Dans un registre similaire, la balade en bagnole de Marion Crane dans Psychose, avec ou sans les cordes urgentes et anxiogènes de Bernard Herrmann, demeure un « cas d’école » pour « étudiant en cinéma ». Ici, le pouvoir du son (non musical) ne vient plus redoubler la puissance des plans (ou forer leur neutralité télévisée d’un abîme de tension, de folie sur le point de tout emporter), il cherche sciemment à se substituer à la surfiguration du genre – le mode descriptif cherche à ériger à partir d’une imagerie disparue un imaginaire du désir. Jouez le jeu, fermez les yeux : l’objectivité de l’hôtesse, sa froideur de doctoresse, le lexique utilisé, anatomique et trivial, le soulignement des didascalies et la verbalisation des procédés techniques déployés (fondu enchaîné, cut, point de vue subjectif) relèvent à la fois d’un procédurier procès-verbal à la Ballard (Crash, Cronenberg ter) et d’une transmission de représentation (d’un récit simultané) en ironique (davantage que lubrique) révélateur de l’automatisation des performeurs, de la fausseté généralisé de l’épiphanie de poche, formatée, rémunérée, interchangeable et impersonnelle (nul orgasme en coda, la doubleuse-doublure des doubles bodies achève son monologue, pas vraiment du vagin, par un laconique et expéditif « The video ends »). Redoublé par l’aveuglement volontaire, l’artificiel submerge le canal auriculaire ; (rap)portée par le discours suppléant, en supplément, d’une traductrice encore moins expressive que les annonces enregistrées en gare ferroviaire, la gymnastique se donne à voir et à entendre pour ce qu’elle signifie et incarne, un vide émotionnel et une abolition du physique pourtant surexposé. Les yeux grands ouverts ou fermés, le sexe ne passe ni par l’œil ni par l’oreille (surréalisme souriant du langage et réalisation provisoire du « corps sans organes » d’Artaud), il se dilue dans un hors-champ inaccessible (dans l’exemplaire adaptation-adultère cinématographique des accidents sexuels littéraires, l’évocation de Vaughan lors d’une étreinte à deux suffit à matérialiser le gourou, à susciter sa présence et à transformer la séquence de couple en « plan à trois », belle maestria suggestive d’un film rétif à tout racolage).

À sa manière, ce contradictoire commentaire sanitaire, altruiste et robotique énonce de la façon la plus claire, vocalisée au carré, que la voix ne ment pas, ne trompe pas (on perçoit la fatigue ou la joie d’un proche au téléphone, disons), que les images sans la bande-son, même de saison, d’occasion, s’échinent en vain à produire un début d’érection, de surcroît dans le cadre d’une situation et de silhouettes aussi scolaires, ressassées, paresseuses et réduites à un cliché (désolé pour les deux dames).
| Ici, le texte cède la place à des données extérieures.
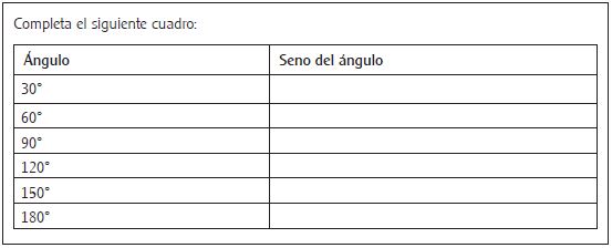 Construir la noción de función seno para ángulos entre 0° y 180°.

Avec la fonction described, le bureau, les tableaux, les bouquins anodins, la fenêtre au store tiré, les murs roses qu’un coup de pied, de poing ou de reins suffirait à démonter (on pense aux cloisons coulissantes de La Corde), tout concourt à créer un pur placebo de sexualité, de spectacle, de (navrant) « divertissement adulte ». Au cœur du simulacre audiovisuel (a contrario de « l’inquiétante étrangeté » sensuelle/sensorielle des soundscapes d’un David Lynch), au sein de la mécanique des automates et des automatismes, la tristesse (versus l’innée mélancolie des films du Canadien) advient, unique réalité à contempler par la vue et/ou l’ouïe. Ce X-ci, arbitrairement (et commercialement) dépourvu du « temps réel » de sa durée originelle (une vingtaine de minutes en moyenne, temporalité impartie de la vignette, de la jouissance indirecte), peut bien nous inciter à prick (double sens, of course) up our ears, il échoue en stéréo (Cronenberg, encore et encore) à nous exciter, il nous met face à une césure-imposture brechtienne dont seul le silence, in fine (ou alors « les soupirs de la sainte et les cris de la fée » poussés dans la « vraie vie », au lit ou ailleurs, par nos cassandres – maudits mots – et circés – les hommes, tous des pourceaux, mon salaud – nervaliennes), parvient à nous prémunir, à nous guérir, à nous donner vraiment envie de jouir. Oui, oui, baby à l’invisible pussy, hurle en sourdine, parle (tout) bas ou bien tais-toi, mon inhumaine chérie.